Stored dataset items
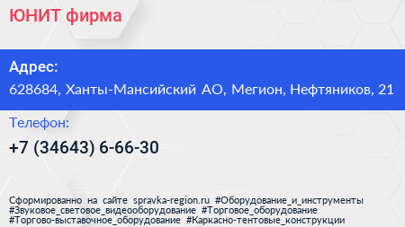 ЮНИТ, фирма по адресу 628684, Ханты-Мансийский АО, Мегион, Нефтяников, 21 в дальнейшем Организация, размещена в следующих категориях:
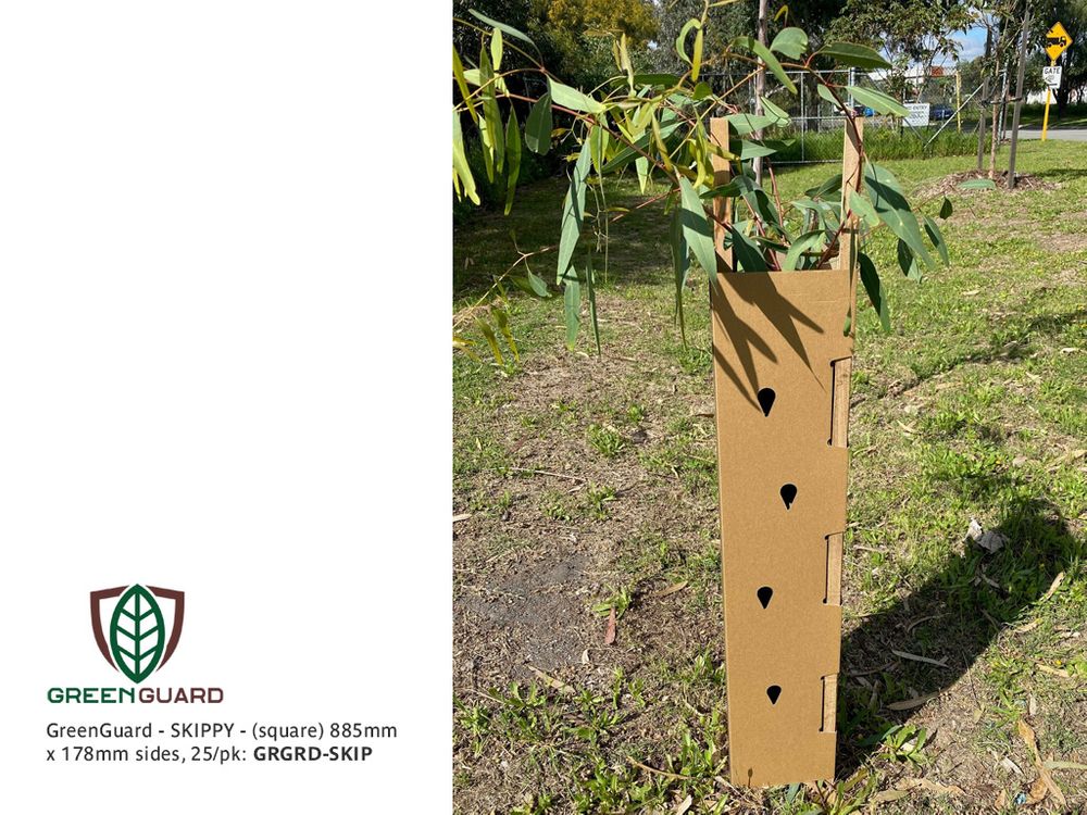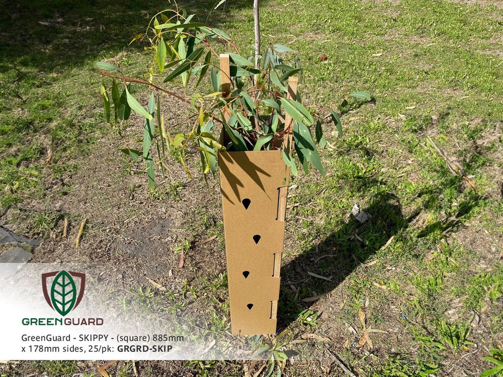 GreenGuard Kangaroo Guard 'SKIPPY' is a 885mm tall square biodegradable tree guard to to help protect young trees from Kangaroos and Wallabies. Proudly made in Australia, GreenGuard offers a range of 100% biodegradable, durable and weather resistant tree guards.
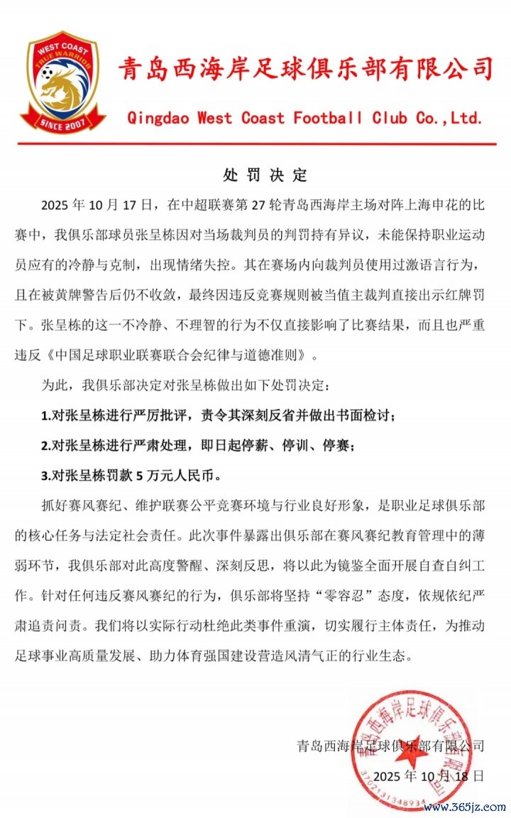 10月18日,青岛西海岸官方发布对张呈栋的处罚决定:
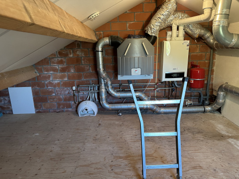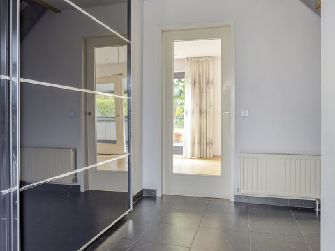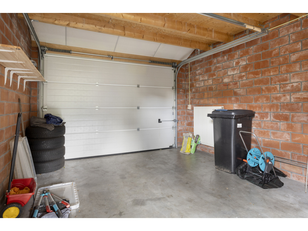 Vanuit de bijkeuken komt u in de garage met ruime zolder (zadeldak) waar de Nefit HR combiketel uit 2017 en de mechanische ventilatie te vinden zijn. Deze zolder biedt veel extra bergruimte. De garagedeur is een geïsoleerde sectionaaldeur.
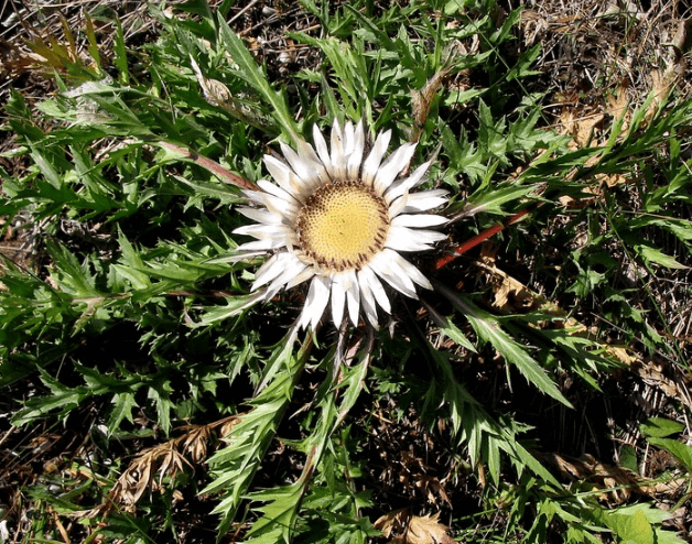 Ботаническое описание. Многолетнее растение, которое закрепляется в почве при помощи длинного стержневого корня. От него отходит розетка листьев, лежащая на почве; листья 5-15 см в длину, грубоперисторассеченные и игловидно-зубчатые. Отдельные листовые сегменты неравномерной величины. Непосредственно на листовой розетке сидит соцветие-корзинка размером от 6 до 12 см, окруженное венцом грубых серебристо-белых оберточных листьев. В середине корзинки много белых, красноватых или желтых трубчатых цветков. Цветет с июля по сентябрь. Встречается и на равнинах, и в горах, где его можно найти на высоте до 2600 м. В Юрских горах на бедных почвах и кое-где по степным склонам колючник пока еще весьма обычен. Чтобы спасти его от вымирания, он взят под охрану.

• [EXERCISE AIM]:
In the data above, the stretch from the line with "GreenGuard Kangaroo Guard" through the line with "Vanuit de bijkeuken" is to be returned exactly, minus any pictures.

• [YOUR SOLUTION]:
 GreenGuard Kangaroo Guard 'SKIPPY' is a 885mm tall square biodegradable tree guard to to help protect young trees from Kangaroos and Wallabies. Proudly made in Australia, GreenGuard offers a range of 100% biodegradable, durable and weather resistant tree guards.
 10月18日,青岛西海岸官方发布对张呈栋的处罚决定:
 Vanuit de bijkeuken komt u in de garage met ruime zolder (zadeldak) waar de Nefit HR combiketel uit 2017 en de mechanische ventilatie te vinden zijn. Deze zolder biedt veel extra bergruimte. De garagedeur is een geïsoleerde sectionaaldeur.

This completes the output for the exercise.